WHAT YOU HAVE TO DO
Only the pictures are dropped. Restate each line below word for word.

PROVIDED DATA
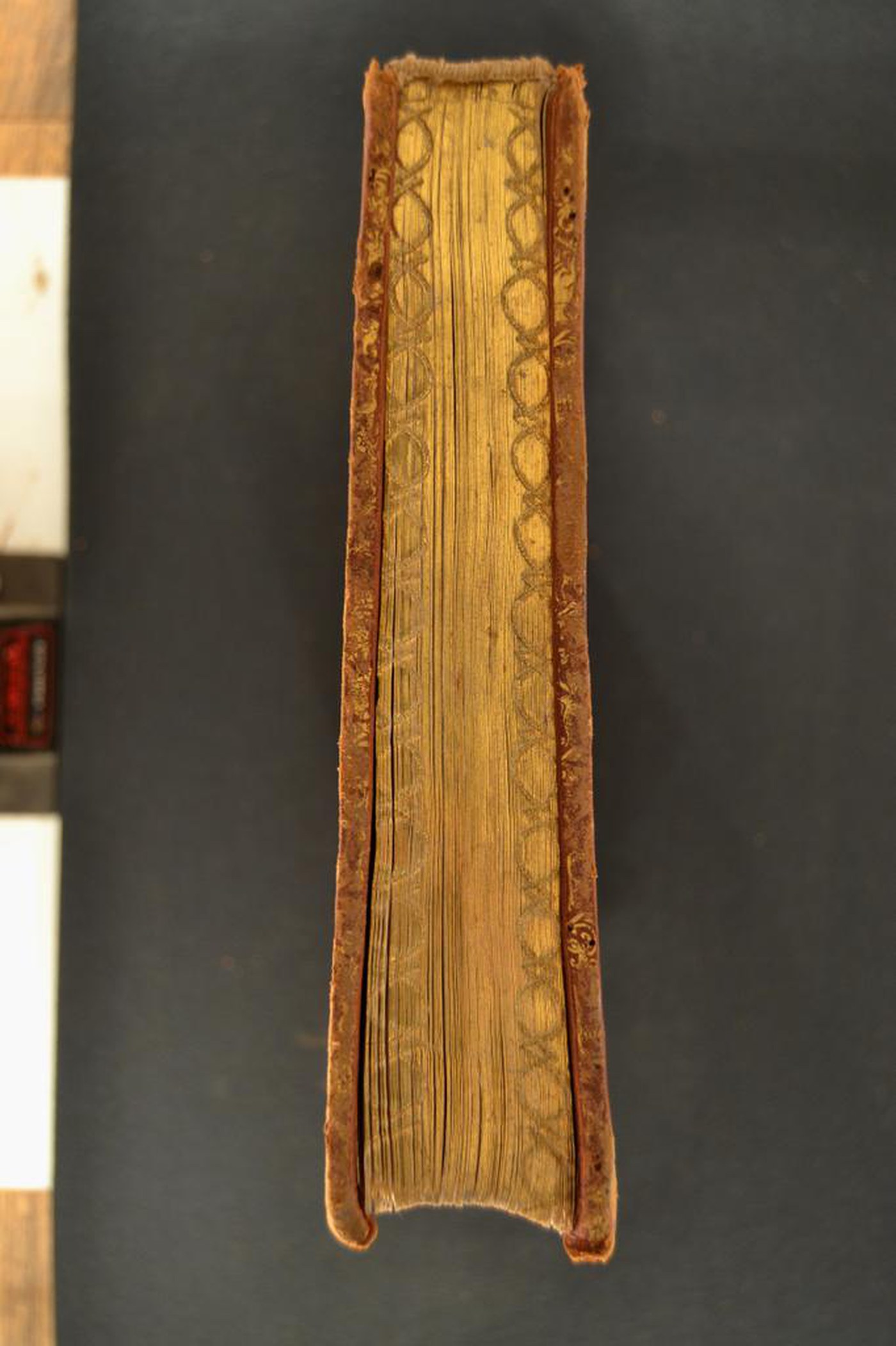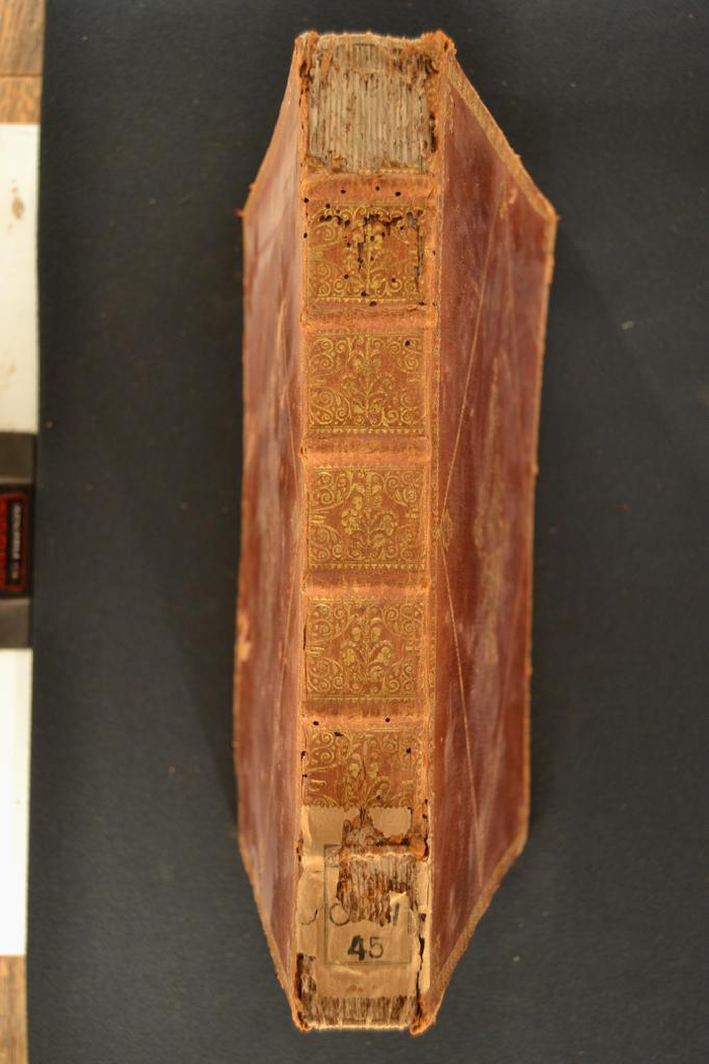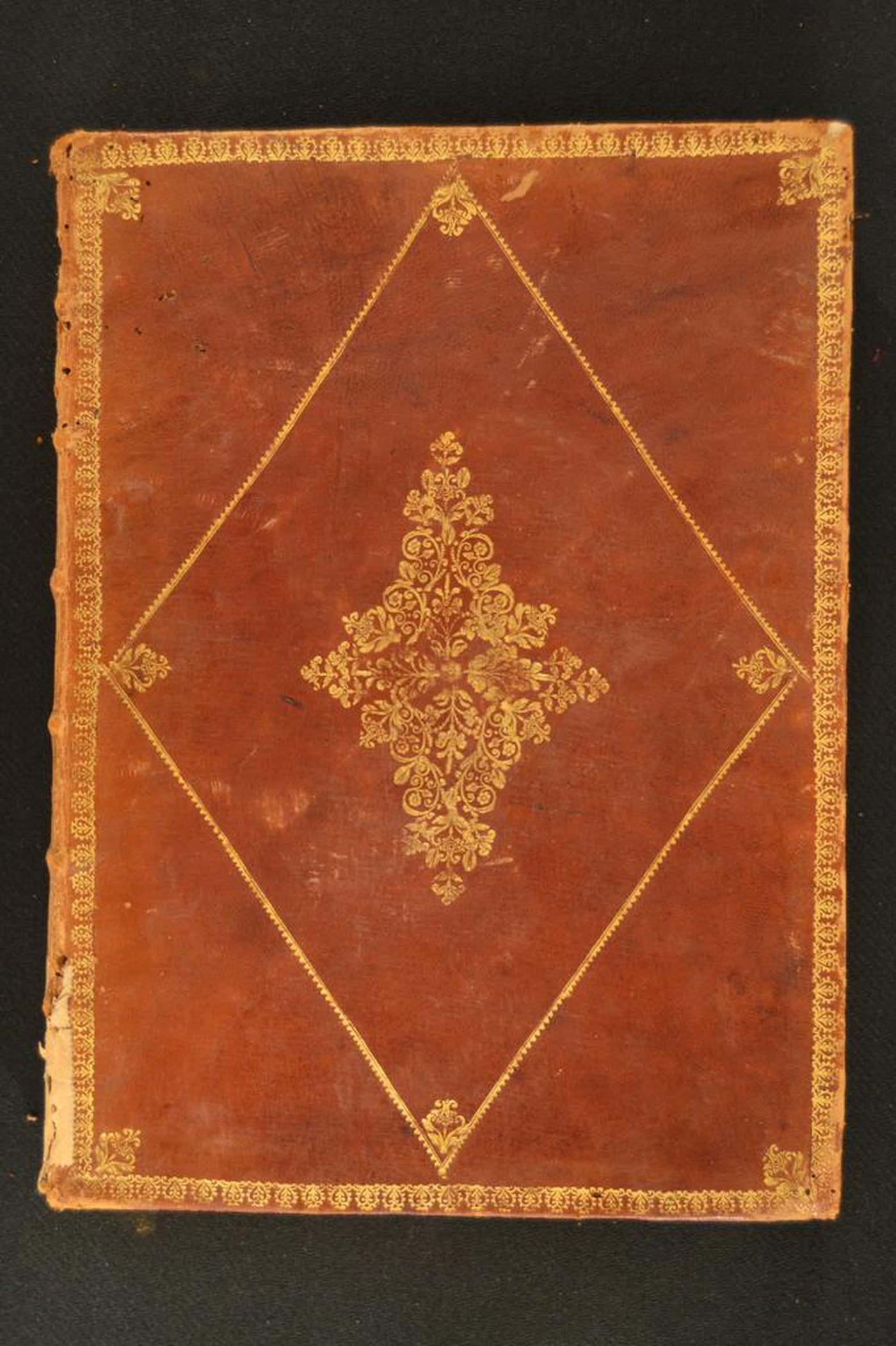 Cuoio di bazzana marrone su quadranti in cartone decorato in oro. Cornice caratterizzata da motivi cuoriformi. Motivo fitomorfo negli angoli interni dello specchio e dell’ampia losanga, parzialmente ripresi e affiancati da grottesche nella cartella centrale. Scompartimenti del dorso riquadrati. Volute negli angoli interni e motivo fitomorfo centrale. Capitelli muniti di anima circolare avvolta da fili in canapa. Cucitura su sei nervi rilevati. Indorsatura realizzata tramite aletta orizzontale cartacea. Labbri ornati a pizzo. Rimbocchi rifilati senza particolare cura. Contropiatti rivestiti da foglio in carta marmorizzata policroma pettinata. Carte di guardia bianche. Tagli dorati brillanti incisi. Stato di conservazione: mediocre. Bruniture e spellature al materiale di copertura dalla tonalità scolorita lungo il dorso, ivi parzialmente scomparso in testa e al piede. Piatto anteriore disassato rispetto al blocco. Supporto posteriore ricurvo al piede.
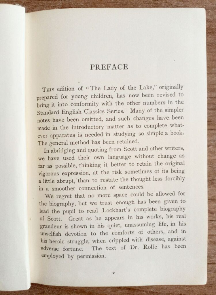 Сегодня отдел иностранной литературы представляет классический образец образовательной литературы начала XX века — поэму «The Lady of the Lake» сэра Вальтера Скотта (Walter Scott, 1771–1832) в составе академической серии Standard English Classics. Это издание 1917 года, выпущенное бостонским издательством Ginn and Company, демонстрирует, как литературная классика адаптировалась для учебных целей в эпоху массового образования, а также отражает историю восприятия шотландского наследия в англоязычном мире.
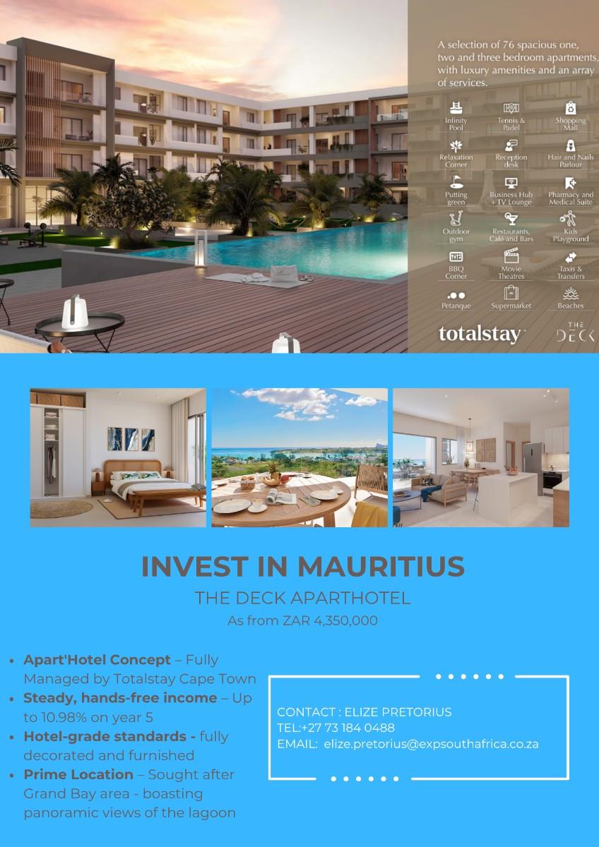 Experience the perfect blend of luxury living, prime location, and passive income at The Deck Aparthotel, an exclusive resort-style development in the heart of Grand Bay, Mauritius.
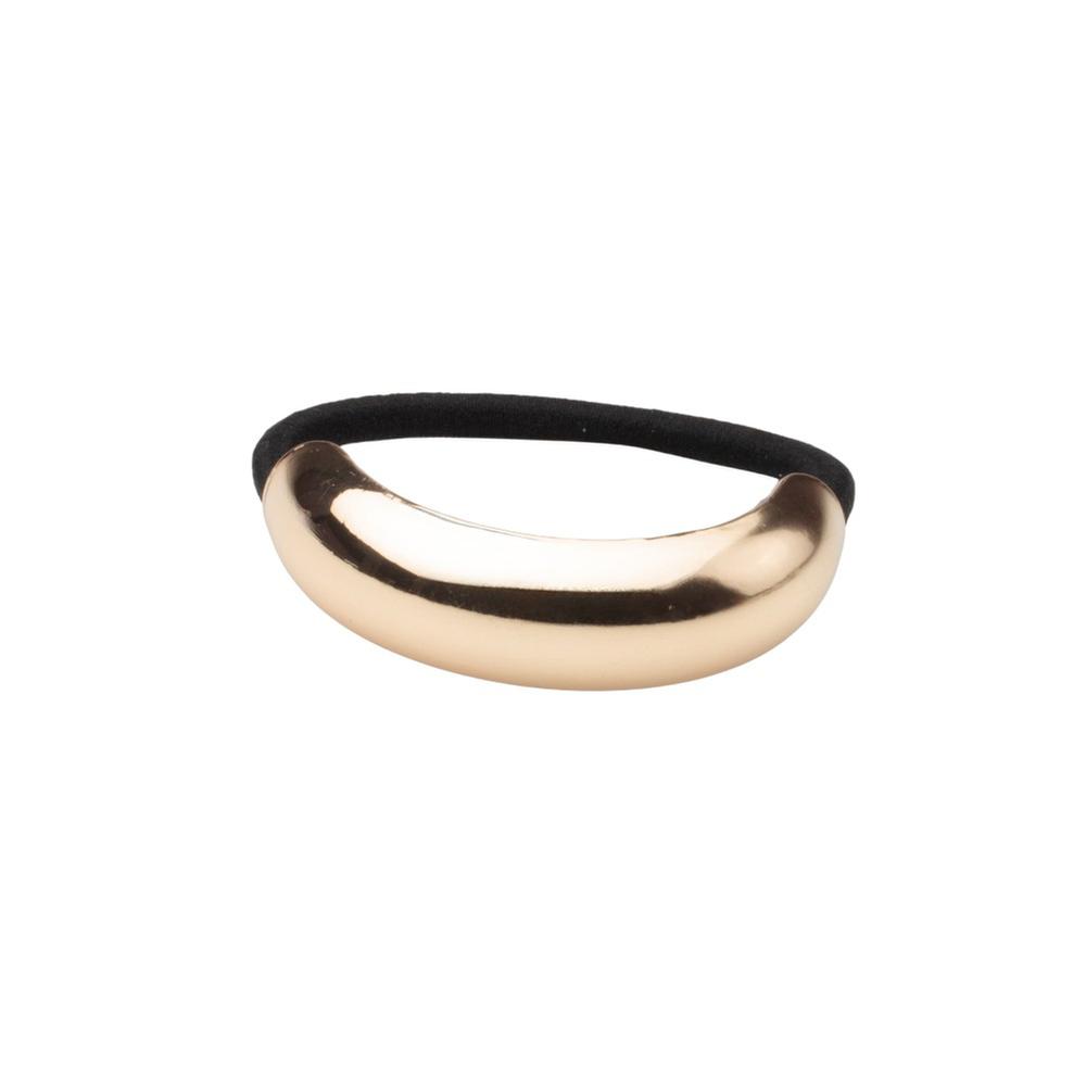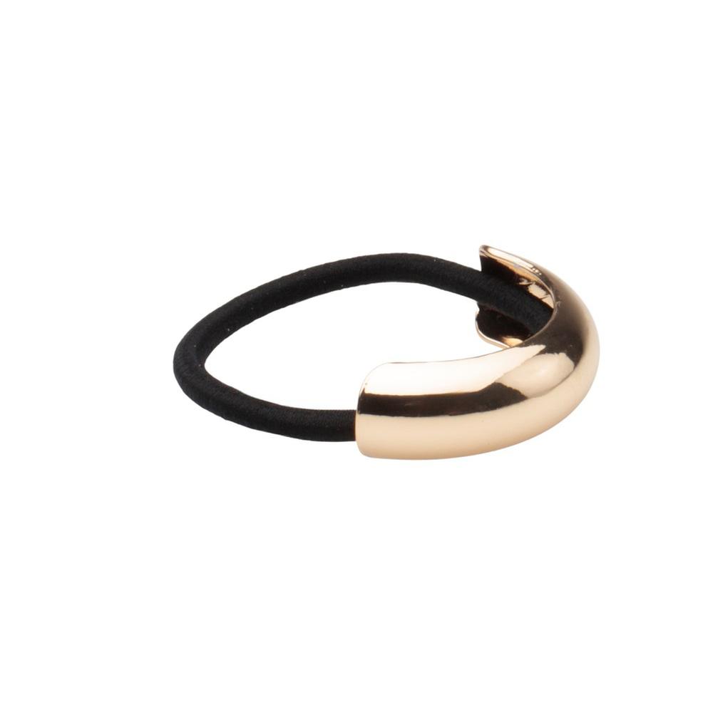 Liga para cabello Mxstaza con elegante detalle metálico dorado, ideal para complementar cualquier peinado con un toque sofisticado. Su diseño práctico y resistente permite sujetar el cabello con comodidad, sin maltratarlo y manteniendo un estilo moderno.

OUTPUT FOR THIS EXERCISE
 Cuoio di bazzana marrone su quadranti in cartone decorato in oro. Cornice caratterizzata da motivi cuoriformi. Motivo fitomorfo negli angoli interni dello specchio e dell’ampia losanga, parzialmente ripresi e affiancati da grottesche nella cartella centrale. Scompartimenti del dorso riquadrati. Volute negli angoli interni e motivo fitomorfo centrale. Capitelli muniti di anima circolare avvolta da fili in canapa. Cucitura su sei nervi rilevati. Indorsatura realizzata tramite aletta orizzontale cartacea. Labbri ornati a pizzo. Rimbocchi rifilati senza particolare cura. Contropiatti rivestiti da foglio in carta marmorizzata policroma pettinata. Carte di guardia bianche. Tagli dorati brillanti incisi. Stato di conservazione: mediocre. Bruniture e spellature al materiale di copertura dalla tonalità scolorita lungo il dorso, ivi parzialmente scomparso in testa e al piede. Piatto anteriore disassato rispetto al blocco. Supporto posteriore ricurvo al piede.
 Сегодня отдел иностранной литературы представляет классический образец образовательной литературы начала XX века — поэму «The Lady of the Lake» сэра Вальтера Скотта (Walter Scott, 1771–1832) в составе академической серии Standard English Classics. Это издание 1917 года, выпущенное бостонским издательством Ginn and Company, демонстрирует, как литературная классика адаптировалась для учебных целей в эпоху массового образования, а также отражает историю восприятия шотландского наследия в англоязычном мире.
 Experience the perfect blend of luxury living, prime location, and passive income at The Deck Aparthotel, an exclusive resort-style development in the heart of Grand Bay, Mauritius.
 Liga para cabello Mxstaza con elegante detalle metálico dorado, ideal para complementar cualquier peinado con un toque sofisticado. Su diseño práctico y resistente permite sujetar el cabello con comodidad, sin maltratarlo y manteniendo un estilo moderno.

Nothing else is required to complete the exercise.